In terms of powertrains, Chinese brands are almost exclusively focused on the pure electric route.
Statistics indicate that sales of pure electric vehicles in Indonesia in the first half of 2025 rose to 34,890 units, a significant increase from the previous year. Among them, BYD and Denza contributed 19,825 units, Wuling sold 5,170 units, and Chery/Omega accounted for 4,737 units, making up the vast majority of the total.
◎ After early market testing, Wuling won over a segment of practical consumers with its small electric vehicle products. While June sales declined year-on-year, its cumulative sales for the year still reached 8,258 units, maintaining its position in the mainstream market.
◎ New entrants such as Jaecoo and JETOUR are gradually gaining popularity locally, particularly in the increasingly saturated traditional gasoline vehicle market. They are building user bases by introducing innovative designs, advanced technologies, and smart configurations.

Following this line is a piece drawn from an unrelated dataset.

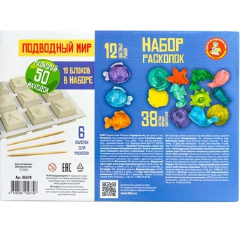 Комплектация: брусок гипсовый - 12 шт., рыбка - 12 шт., морские обитатели - 38 шт., стек - 1 шт.
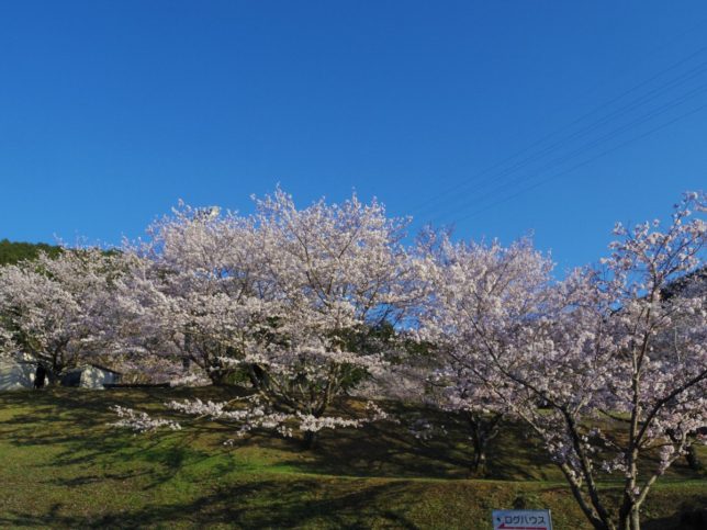 宇和運動公園は桜の木が多く圧巻。満開状態で、少し散り始めている木もある。どちらも花見客はちらほらだ。

◎ Brands like Aion, Geely, and Nezha have also begun to appear on sales charts. While their volumes are still small, their growth trends are unmistakable.
Behind the collective rise of Chinese automakers lies their accurate judgment of Indonesian market trends.
The Indonesian government is accelerating the implementation of local electric vehicle industry policies and promoting the construction of battery factories and charging infrastructure, providing favorable external conditions for Chinese automakers. Compared to traditional Japanese brands, Chinese brands offer distinct advantages in electrification, intelligence, and flexibility in price ranges.
Summary
As Indonesia, the largest auto market in Southeast Asia, undergoes a cyclical correction, Chinese brands are defying the trend. Brands such as BYD and Chery have entered the mainstream, expanding their product mix from small commuter cars to high-end MPVs and SUVs.
With the continuous advancement of local electrification policies, more Chinese automakers will achieve localized production and operational coordination in Indonesia, further expanding their market share. For Japanese brands, which have long dominated the market, the challenge posed by Chinese competitors cannot be overlooked.